Bruce Haden speaks at TED2015 on Wednesday, March 18, 2015 at the Vancouver Convention Centre.Bret Hartman
Bruce Haden is an award-winning Vancouver-based architect. On Wednesday, he spoke at the TED conference – not about architecture or urban design, but about drug policy. He called for a move away from controlling drug use by making it illegal, and moving to a different system of regulation.
"The supporters of the current policy of prohibition have had their time to make it work and they have failed," he said. "Drug interdiction is not effective and it's not ethical."
Mr. Haden's knowledge of this issue was not learned in school or from reading a story in the newspaper. It hit him in the gut on June 7, 2008, when he could not reach his younger brother, with whom he was supposed to be having dinner. He went to his brother's three-storey stucco walk-up apartment in Kitsilano with his girlfriend to look for him.
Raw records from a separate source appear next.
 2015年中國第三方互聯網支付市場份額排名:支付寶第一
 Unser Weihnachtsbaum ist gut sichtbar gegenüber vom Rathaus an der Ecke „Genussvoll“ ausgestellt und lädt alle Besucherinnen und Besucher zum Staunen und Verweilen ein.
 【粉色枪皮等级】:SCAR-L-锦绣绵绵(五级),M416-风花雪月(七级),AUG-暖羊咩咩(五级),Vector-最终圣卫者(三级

"As we climbed the stairs, we noticed a terrible chemical stench. His doorway was blocked by a heavy object," he told the silent TED audience. "That object was his body."
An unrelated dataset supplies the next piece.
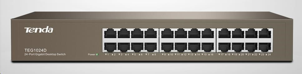 Tenda TEG1024D 24-port Gigabit Ethernet Switch, 10/100/1000 Mbps, fanless, rackmountProvedení:Rack mounted 19"; Funkce:L2; Technologie:Gigabit Ethernet 1000Mbps; Počet portů LAN:24; Přenosová rychlost LAN (Mb/s):1000; Počet PoE Out portů:0; Počet SFP portů:0; Počet SFP+ portů:0; Počet portů Combo:0; Počet portů SFP28:0; Počet portů QSFP28:0; Počet portů QSFP+:0; Přenosová rychlost LAN (Mb/s):0; Maximální počet portů:24.

Paul Haden was a respected hospital lab technologist who loved science, his brother explained. He was also a manufacturer of illegal drugs, principally MDMA – or ecstasy. He died purifying 2.2 kilograms of dirty street ecstasy in his kitchen.
He was not driven by financial considerations (even if he did make money doing it), Mr. Haden says. Rather, his core passion was a commitment to a safe supply for ecstasy users.
"Paul was not a drug dealer in the usual sense; he was an activist. He believed that drug use was, like prostitution, an ingrained aspect of any advanced culture that could never be wiped out by prohibition. In his view, the greatest harm in our culture's relationship with drugs was the absence of a safe supply and a lack of honest information about responsible use and risks. This harm is a direct result of a system that treats matters of drugs and addiction as criminal justice matters, not as issues of health and education," Mr. Haden said to hoots and applause from the well-heeled and educated TED crowd.
"Put another way, he knew that kids were going to do 'E' at raves no matter how many cops you have on the street. And he thought those kids should know what they were getting."
Mr. Haden says his brother, who worked at Burnaby General Hospital, was no hero – he lied about his drug use, and his final actions forced his neighbours to evacuate their homes for two days. (The beakers of chemicals boiling on his stove top also meant the contents of his own apartment were so toxic they had to be destroyed. The family could not even recover photos from his computer hard drive.) But his brother's death, at the age of 44, has led Mr. Haden to become an advocate himself and fight for changes in drug policy.
"There is a direct line between the death of my brother, at least 10 recent and completely avoidable deaths in Western Canada caused by toxic dirty ecstasy, millions of lives ruined by incarceration, gang violence and more than 50,000 vicious drug war deaths in Mexico and Central America," Mr. Haden said. "As creators of the current system of prohibition, those deaths are our responsibility. We have blood on our hands."
Mr. Haden pointed out that his father, a successful psychiatrist, was also addicted to a substance – but because it was alcohol, and he had access to a reliable and clean supply of scotch, he was able to hold a job and raise a family and live his life. (Another brother, Mark Haden, is a drug and addiction counsellor and drug policy activist who focuses on the issue of gradated legalization.) Bruce Haden says he is speaking openly about Paul's death because he believes people with personal experience and credibility who are not necessarily experts about an issue can be important catalysts for change when they speak out.
"A strategy guided by public-health best practices that makes substances carefully available, but does not promote the use, is one that's proven to reduce use, abuse, addiction and the terrible social consequences of prohibition."
Mr. Haden has spoken about his brother and this issue before in Vancouver, but bringing it to the TED stage takes it to another level. "For me, this is a little bit of an act of service because the TED audience is so powerful," he told The Globe and Mail after his appearance.